Order

This weekend I’ve been busy trying to put some “order” into my life.  I think it’s partly seasonal–locating and unpacking the cold weather gear–but this year my effort is more radical than usual.

Since I decided to leave academia for good after completing a one-year teaching appointment at the University of Minnesota last academic year, I worked at a local golf course in order to pay my bills and play some golf.  But as I tired of the customer service lifestyle there, I realized I could not continue to put off what I have been talking about doing for some time: making a career of writing.

Both academia and any other work were distractions because focus tended to be on matters (including teaching which I have always had a love-hate relationship with) other than writing. So a few weeks ago I finally said, “Enough!” I quit my golf course job and started preparing to write.

Since then I have been focused on developing this site and am in the process of looking for writing gigs to help me maintain my focus and practice my writing in a more rigorous, steady fashion.

So when I say that I have been “ordering” my life, I am quite serious.  I have been organizing everything in my living spaces to support my writing.  I want to know where everything is so that when I want or need something it will be readily accessible. This will help me keep my focus and clarity of thought.  I believe and hope my writing will improve over these first few halting attempts to express myself after years of not writing nor wanting to write.

While I was cleaning closets, unpacking and repacking and tossing boxes, and deciding what to keep and throw out, I caught the movie “Good Will Hunting” starring Robin Williams and Matt Damon in progress.  No matter that I didn’t watch it from the start because I’ve seen it many times before, often like today, in progress, on a Sunday.

It reminds me in it’s sappy heroic way, the way many of Damon’s starring roles do for me, that one must follow the heart’s desires.  And that means opening oneself up to other people, opportunities, and challenges.  The path is not perfect nor always pristine or beautiful, it’s the farts in a loved one’s sleep (as Williams’ character recounts about his deceased wife) that are full of enduring meaning as one moves along life’s path, or, as I like to think of it, as one is taken by the river.

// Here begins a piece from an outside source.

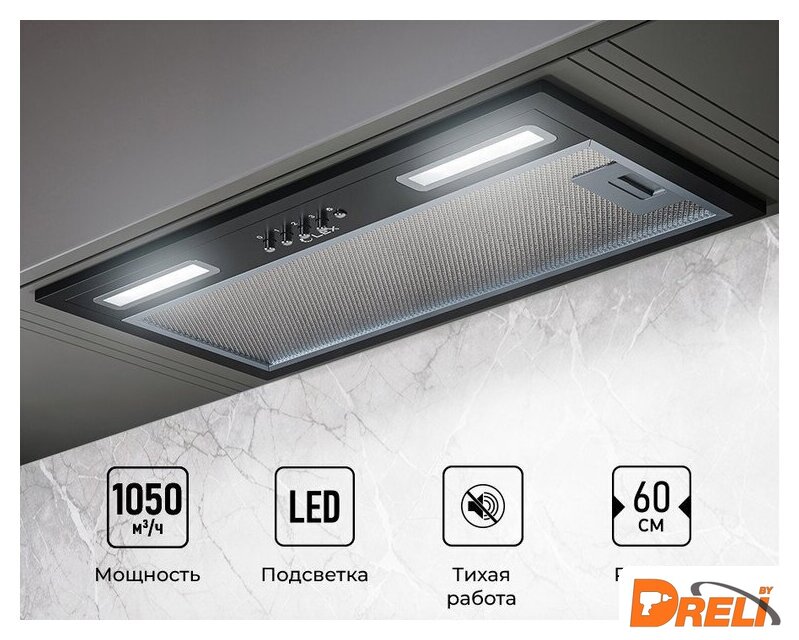 конструкция скрытая, монтаж для встраивания, ширина 52 см, управление механическое/кнопочное, производительность вытяжки 850 м³/ч, производительность мотора 1050 м³/ч, цвет черный

I remember that when I am fly fishing on a stream.  To be at peace, to find fulfillment whether or not I catch any fish, I must pay attention to the river.  Not only for my safety, if the water is running strong and swift, but to assess where the fish might be holding.

But I have not been as passionate about writing and its possibilities in my life as I have been about fly fishing, for being in the “real” stream.  I believe and feel that now is my time to enter the stream that is “writing,” to open myself fully to the possibilities and challenges that await me there.